In the hand-written charactor recognition apparatus of the present invention, obtain the degree of approximation of input stroke and predefined character basic structural element, and, use the fuzzy evaluation input character in view of the above, improve the various characteristics of its identification with the composition of this degree of approximation as eigenvector.
The recognition methods of prior art hand script Chinese input equipment character as shown in Figure 6,
1. with sampling spot P on the input person's handwriting
0, P
1... P
nAnd the broken line (Fig. 6 B) that time serial message constitutes removes the input person's handwriting of an approximate hand-written stroke.(Fig. 6 A)
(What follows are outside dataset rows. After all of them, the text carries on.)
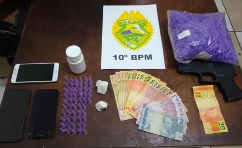 A Polícia Militar (PM) de Apucarana apreendeu pinos com cocaína e um simulacro de pistola no Jardim Alvorada em Apucarana na noite de quarta-feira (10). Três pessoas foram detidas.
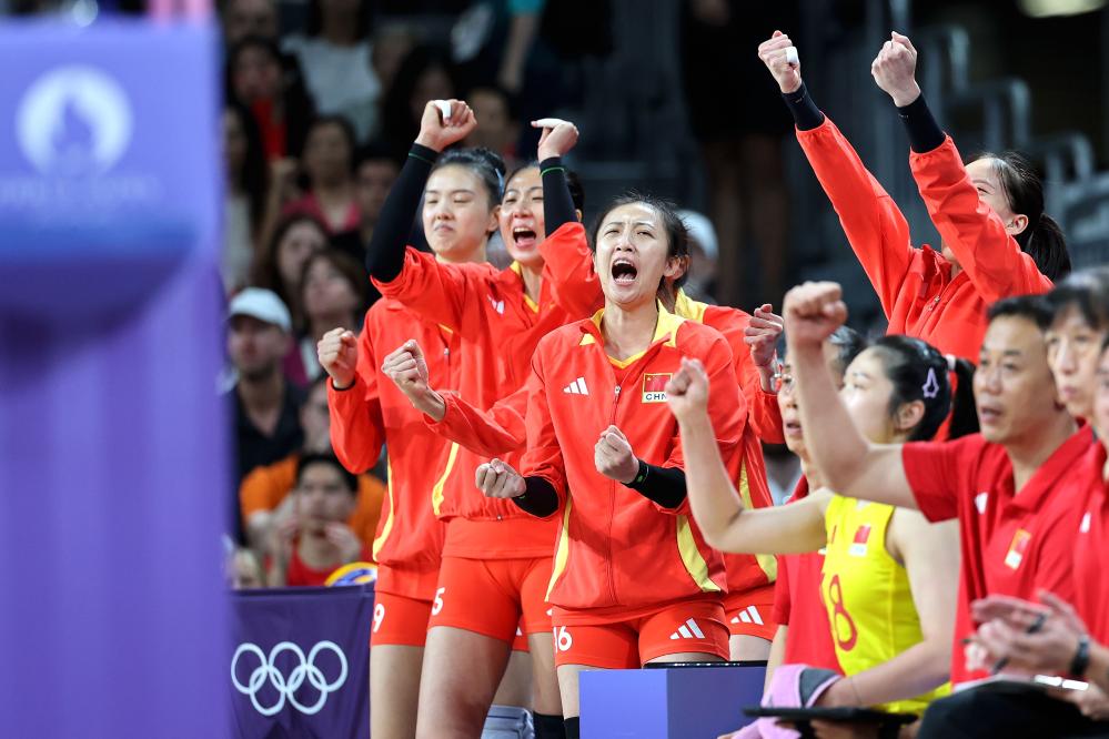 8月6日,中國隊隊員袁心玥(中)在巴黎奧運會女子排球四分之一決賽中。新華社記者 陳益宸 攝 令人感到欣慰的是,女子U系列國家隊戰(zhàn)績喜人。在匡琦率隊奪得U20女排亞錦賽冠軍后,趙勇又率隊獲得U17女排世錦賽冠軍,郭湘玲、李晨瑄等多名新人表現(xiàn)搶眼。較為深厚的人才儲備,讓人們對還將繼續(xù)爬坡的中國女排增添一份期待。
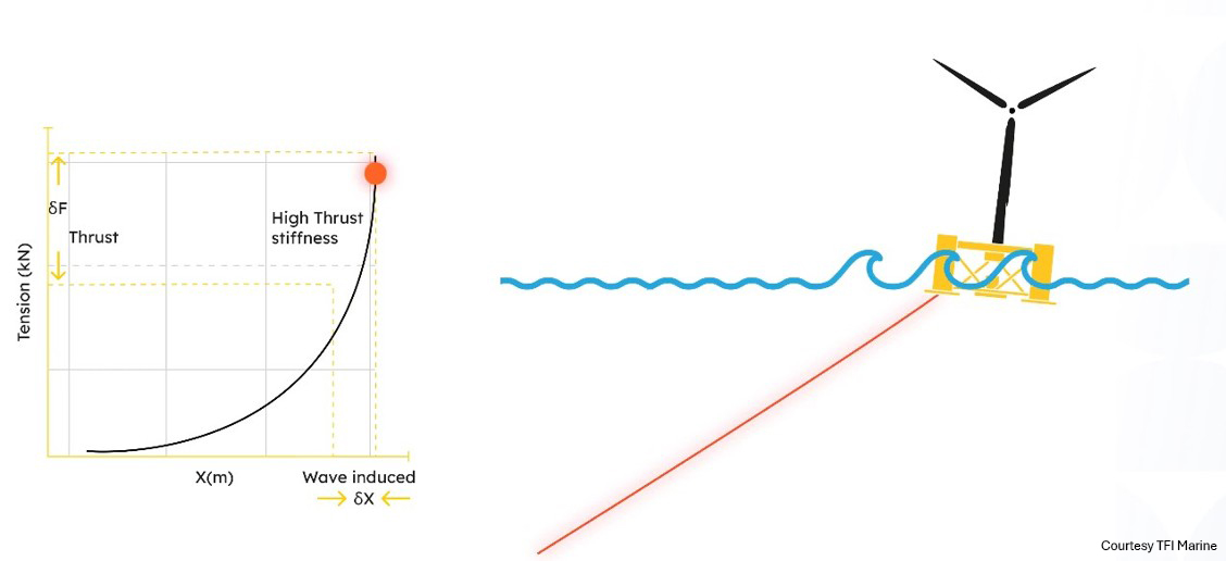 Our FibreMax’ dynamic stiffness optimized PolyMax – ‘Polyester made easy’ mooring lines offer up to 35% reduction in shock load levels compared to ‘traditional’ Polyester-based equivalents. A closely interlinked additional benefit is PolyMax’ linear behaviour, the (linear) relationship between wave-induced floater movement and thrust or tensional load in the mooring-line. PolyMax mooring lines therefore act functionally as a ‘natural’ shock absorber via the required compliance in the mooring system, which effectively eliminates the need for a separate mooring-line-incorporated shock absorber. However, this is exactly what at least one known FOW turbine supplier has done by combining his ‘traditional’ mooring lines with shock absorbers, and here in shallow-water conditions known as the most demanding operating condition.
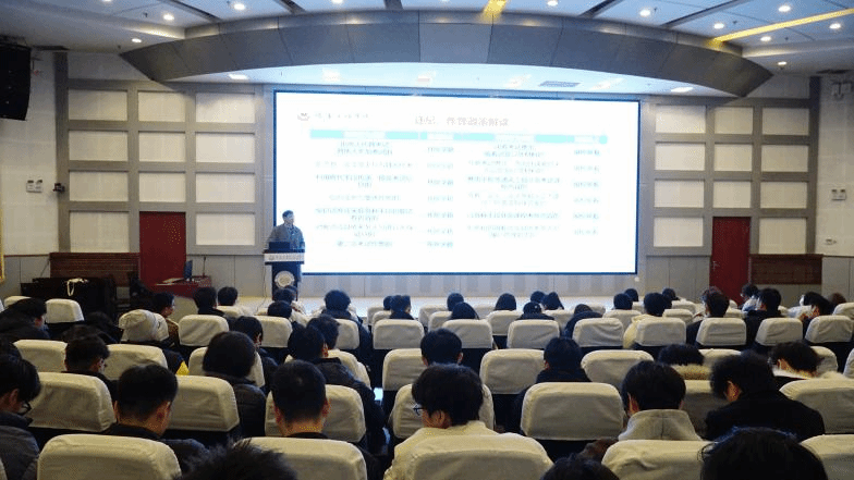于12月3日在雁塔校区工科楼一楼报告厅召开2023级本科生年级大会,大会以“冶金赋能・双路启航”为主题,围绕就业规划与考研备考展开讲解。会议由23级辅导员岳家新主持,邀请尚研考研吴妮、新东方刘宇杰、好胜教育廖虎三位资深讲师作专题分享,23级全体本科生参与本次大会。
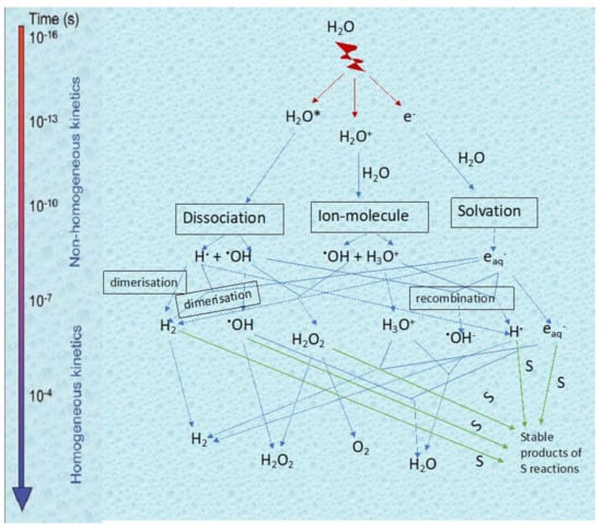 The interaction of radiation with water starts with an energy deposition which initially forms ionized water molecules (H2O+), excited water molecules (H2O*) and sub-excitations electrons (e−) [47,49,50]. This initial step is referred to as the physical stage, and occurs in about 0–10−15 s. The next step, known as the physico-chemical stage, involves a whole host of fast reactions (10−15–10−12 s), where molecules are rearranged and electrons are thermalized and hydrated. The in-depth description of these reactions is beyond the scope of this text. It is in this stage that radicals first appear in our system. The final stage is the chemical stage (10−12–10−9 s), where the species diffuse in solution and can react with solutes present in the system. Figure 1 summarizes the three stages of water radiolysis.
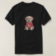 This charming illustration features an adorable puppy (looks like a Terrier mix!) sitting patiently, wearing a red t-shirt that proudly states "I ❤️ DAD" surrounded by sweet paw prints. It’s the perfect way for your furry best friend to show his love!
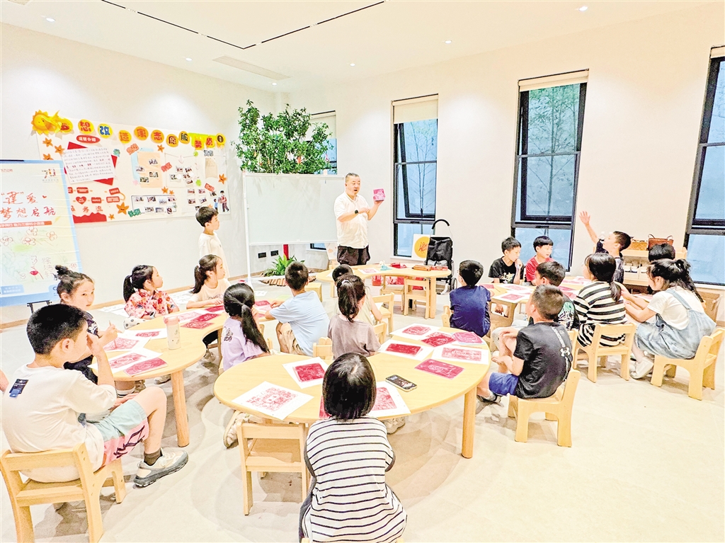 非遺老師正在為孩子們上非遺版畫課。賀珍珍 熊樂(lè) 攝
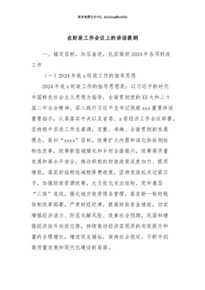 / 【七哥公文】2024年:在财政工作会议上的讲话提纲 (3)+更多免费公文+VX:QiGeGongWen2024
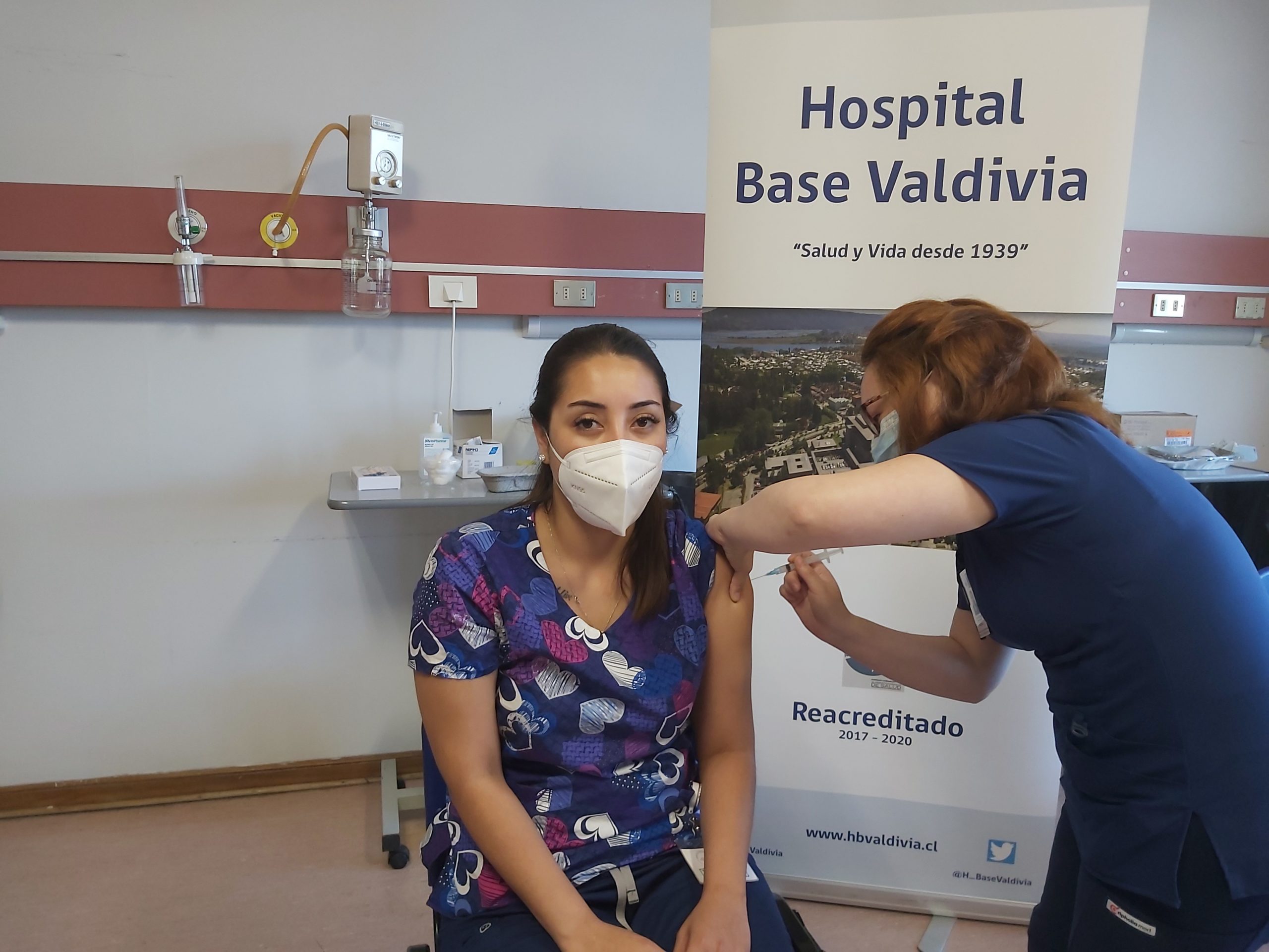 Vacunación en Hospital Base de Valdivia , en Primera jornada permitió inocular a más de setecientos funcionarios esperando cumplir con la meta de vacunar al 97% del personal al día viernes.
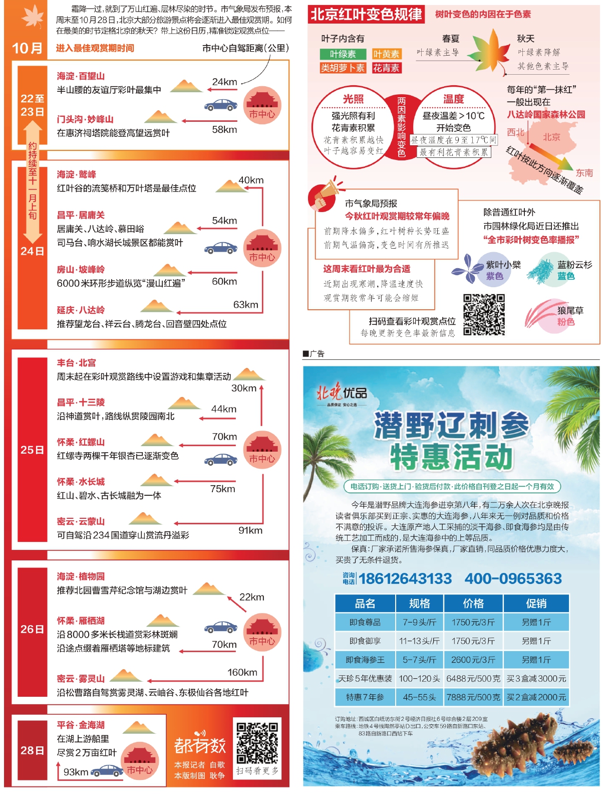 霜降一过,就到了万山红遍、层林尽染的时节。市气象局发布预报,本周末至10月28日,北京大部分旅游景点将会逐渐进入最佳观赏期。如何在最美的时节定格北京的秋天?带上这份日历,精准锁定观赏点位——
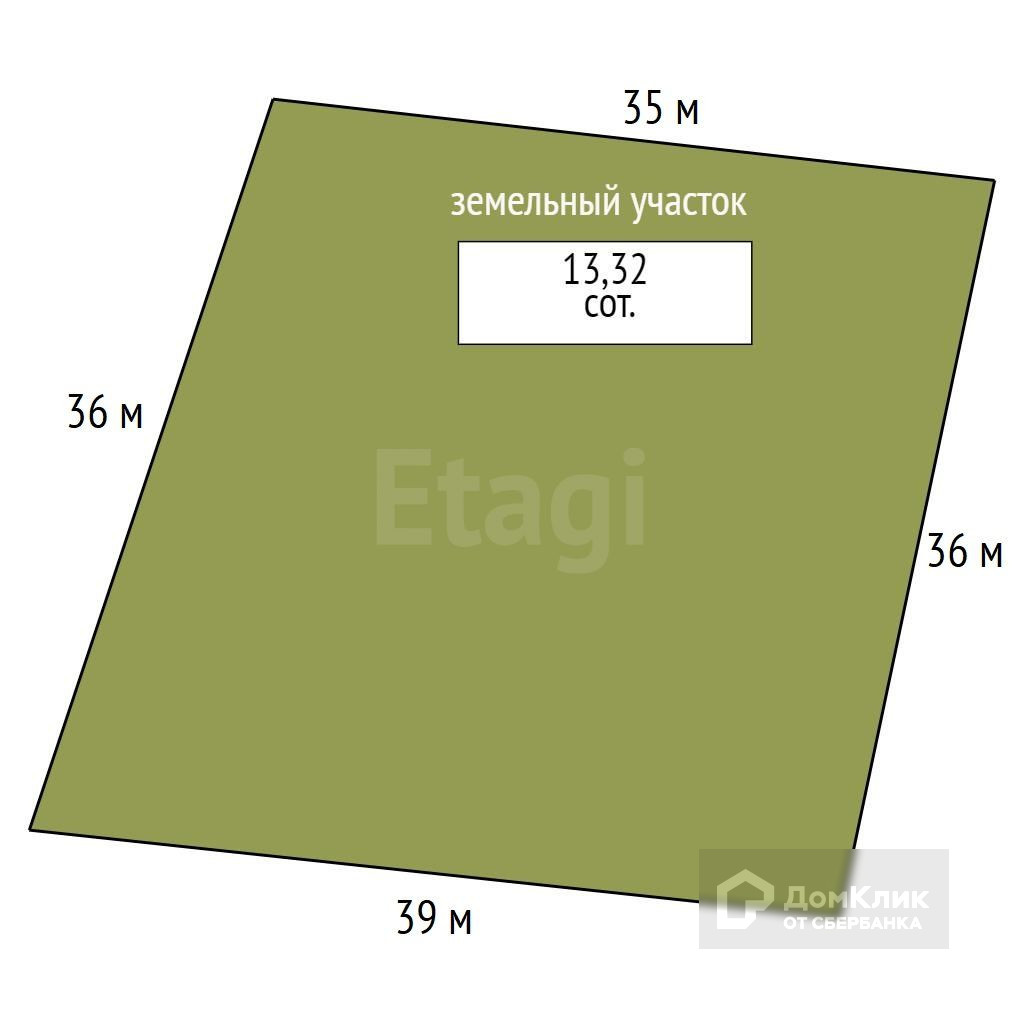 Площадь участка 13.32 сот.
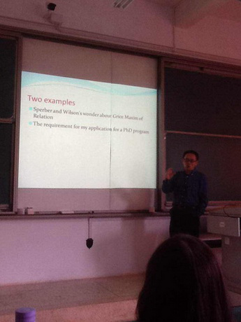 随后,冯光武教授做了题为“语言哲学研究基本路径”的报告。冯教授谈到了外国语言文学学科的人文内涵和外语人才培养和学术研究的方法,并以自己撰写博士论文的亲身经历,生动再现了学术研究的过程。在学术研究中,好奇是先决条件,提问是助推器,挑战是精髓,构建则是目标。研究者需要养成阅读的习惯,包括学科经典著作和国内外期刊。阅读前者是为了掌握该学科的基本理论,发展脉络和思维方式,阅读后者是为了紧跟学科前沿,从而培养出展望学科未来的能力。广泛阅读的过程,就是和学术巨匠交流思想的过程,同时,学术研究还少不了细致入微的观察和分析,以及不畏学术权威,拒绝从众,勇于开拓的创新精神。不仅要在普遍接受了的学术成果中找出值得关注的地方,还要学会自我否定,不断推陈出新,使该学科获得进一步发展。冯教授的讲座为师生如何进行人文研究提供了有效的路径和方法。之后,两位教授还为师生们答疑解难,讲座开拓了师生们的眼界,使师生们受益匪浅。
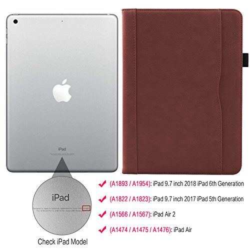 Aiwoxing Custodia per iPad 9.7 Pollici (6/5 Generazione 2018/2017) iPad Air 2 2014 / iPad Air 1 2013 Cover in Pelle PU Multi-Angolo con Tasca Auto Svegliati/Sonno Smart Apple Tablet Case, Marrone

With the basic configuration of predefined person's handwriting, promptly " basic strokes type " relatively carry out " stroke identification " with the 1st broken line.
3. according to the 2nd result, the stroke of input is transformed to the Code Number of immediate basic strokes type.
4. to all strokes of a character, repeat the 1-3 item.
5. with reference to dictionary, will be judged as the character that is transfused to by the character that order of strokes is held the 3rd item code number.
Said method is being widely used always.
If make in this way, owing to replace the stroke of importing with a kind of basic penization type, at basic input person's handwriting sampling spot P
0, P
1... P
nIn the information,, nearly all can cast out, even therefore the less device of memory capacity also may be used as character recognition except the necessary data of later identifying.Because the Code Number of the basic strokes type of dictionary is by each stroke series arrangement, make comparisons in proper order with the Code Number of the basic strokes type of it and input character again,, can carry out the identification of input character, therefore, both the dictionary miniaturization can be made, the more needed time can be shortened again.
Document: " Nikkei " Dec nineteen eighty-three 5 days numbers
But under the occasion that makes in this way, fundamental form that shortcoming makes the input person's handwriting changes and even when being out of shape, will produce mistake in the 2nd stroke identification because input noise, hand-written person are imported, and its result descends accuracy of identification significantly.For example, write " one " or one when horizontal, as represented in zero among Fig. 7 A, if any " first stroke of a Chinese character place ", then its basic strokes type can be identified as shown in Fig. 7 B.
For this reason, in the past with " the code name sign indicating number C of stroke s
1, C
2... C
n" such and line description handles in the dictionary those codes that " is easy to the stroke type of mistake identification ".
But, if do like this, both increased the dictionary size, prolonged retrieval time again.And the user owing to can not only determine the necessary stroke type code of login from the input stroke, realizes that such login of appending is very difficult will append not the character of login in dictionary the time.
The objective of the invention is to solve problem as above.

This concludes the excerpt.